● **TASK DESCRIPTION**
Begin at the line containing "Pozorovací podmínky komety" in the entries below and end at the line containing "Рассмотрим конкуренцию двух"; transcribe that range exactly and nothing outside it.

● **SUPPLIED DATA**
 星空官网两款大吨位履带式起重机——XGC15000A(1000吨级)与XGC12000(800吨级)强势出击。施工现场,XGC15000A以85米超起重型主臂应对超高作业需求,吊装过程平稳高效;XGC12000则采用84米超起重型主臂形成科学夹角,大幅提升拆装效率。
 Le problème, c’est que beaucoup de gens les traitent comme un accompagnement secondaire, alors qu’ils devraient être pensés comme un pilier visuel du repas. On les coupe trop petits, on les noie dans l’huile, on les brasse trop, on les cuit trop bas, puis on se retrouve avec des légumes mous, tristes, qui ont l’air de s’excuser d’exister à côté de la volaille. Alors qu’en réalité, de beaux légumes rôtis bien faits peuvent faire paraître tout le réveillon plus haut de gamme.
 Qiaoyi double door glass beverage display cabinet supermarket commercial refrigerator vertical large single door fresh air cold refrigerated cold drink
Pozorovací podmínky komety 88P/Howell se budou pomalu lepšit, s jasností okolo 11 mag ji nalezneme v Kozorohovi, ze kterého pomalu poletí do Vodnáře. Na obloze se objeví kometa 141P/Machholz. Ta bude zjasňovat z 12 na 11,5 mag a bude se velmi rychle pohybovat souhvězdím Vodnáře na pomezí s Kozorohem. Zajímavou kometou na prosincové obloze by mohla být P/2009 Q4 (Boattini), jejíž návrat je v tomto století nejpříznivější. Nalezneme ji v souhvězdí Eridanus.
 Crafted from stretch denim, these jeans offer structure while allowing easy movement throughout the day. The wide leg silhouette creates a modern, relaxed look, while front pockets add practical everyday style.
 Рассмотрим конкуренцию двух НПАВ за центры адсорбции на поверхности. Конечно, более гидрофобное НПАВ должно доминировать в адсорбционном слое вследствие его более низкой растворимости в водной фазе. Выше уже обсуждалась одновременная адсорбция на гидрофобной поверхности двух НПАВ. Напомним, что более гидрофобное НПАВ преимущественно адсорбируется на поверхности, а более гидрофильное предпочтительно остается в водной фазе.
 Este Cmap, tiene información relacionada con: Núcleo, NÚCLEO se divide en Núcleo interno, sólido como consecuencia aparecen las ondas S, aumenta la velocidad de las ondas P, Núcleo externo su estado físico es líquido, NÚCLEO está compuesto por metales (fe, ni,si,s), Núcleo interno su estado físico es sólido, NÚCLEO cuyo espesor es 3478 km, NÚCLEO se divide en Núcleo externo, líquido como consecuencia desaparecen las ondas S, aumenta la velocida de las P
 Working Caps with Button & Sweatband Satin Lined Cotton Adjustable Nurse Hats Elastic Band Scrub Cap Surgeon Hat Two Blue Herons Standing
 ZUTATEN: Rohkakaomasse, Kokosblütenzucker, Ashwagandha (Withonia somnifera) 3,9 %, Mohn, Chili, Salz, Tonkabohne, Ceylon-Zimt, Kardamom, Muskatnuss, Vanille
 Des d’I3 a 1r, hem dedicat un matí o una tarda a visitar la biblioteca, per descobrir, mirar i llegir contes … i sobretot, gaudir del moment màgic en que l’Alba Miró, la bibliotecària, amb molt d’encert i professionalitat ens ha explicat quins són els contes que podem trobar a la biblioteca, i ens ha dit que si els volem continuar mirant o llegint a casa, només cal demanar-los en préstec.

● **TASK ANSWER**
Pozorovací podmínky komety 88P/Howell se budou pomalu lepšit, s jasností okolo 11 mag ji nalezneme v Kozorohovi, ze kterého pomalu poletí do Vodnáře. Na obloze se objeví kometa 141P/Machholz. Ta bude zjasňovat z 12 na 11,5 mag a bude se velmi rychle pohybovat souhvězdím Vodnáře na pomezí s Kozorohem. Zajímavou kometou na prosincové obloze by mohla být P/2009 Q4 (Boattini), jejíž návrat je v tomto století nejpříznivější. Nalezneme ji v souhvězdí Eridanus.
 Crafted from stretch denim, these jeans offer structure while allowing easy movement throughout the day. The wide leg silhouette creates a modern, relaxed look, while front pockets add practical everyday style.
 Рассмотрим конкуренцию двух НПАВ за центры адсорбции на поверхности. Конечно, более гидрофобное НПАВ должно доминировать в адсорбционном слое вследствие его более низкой растворимости в водной фазе. Выше уже обсуждалась одновременная адсорбция на гидрофобной поверхности двух НПАВ. Напомним, что более гидрофобное НПАВ преимущественно адсорбируется на поверхности, а более гидрофильное предпочтительно остается в водной фазе.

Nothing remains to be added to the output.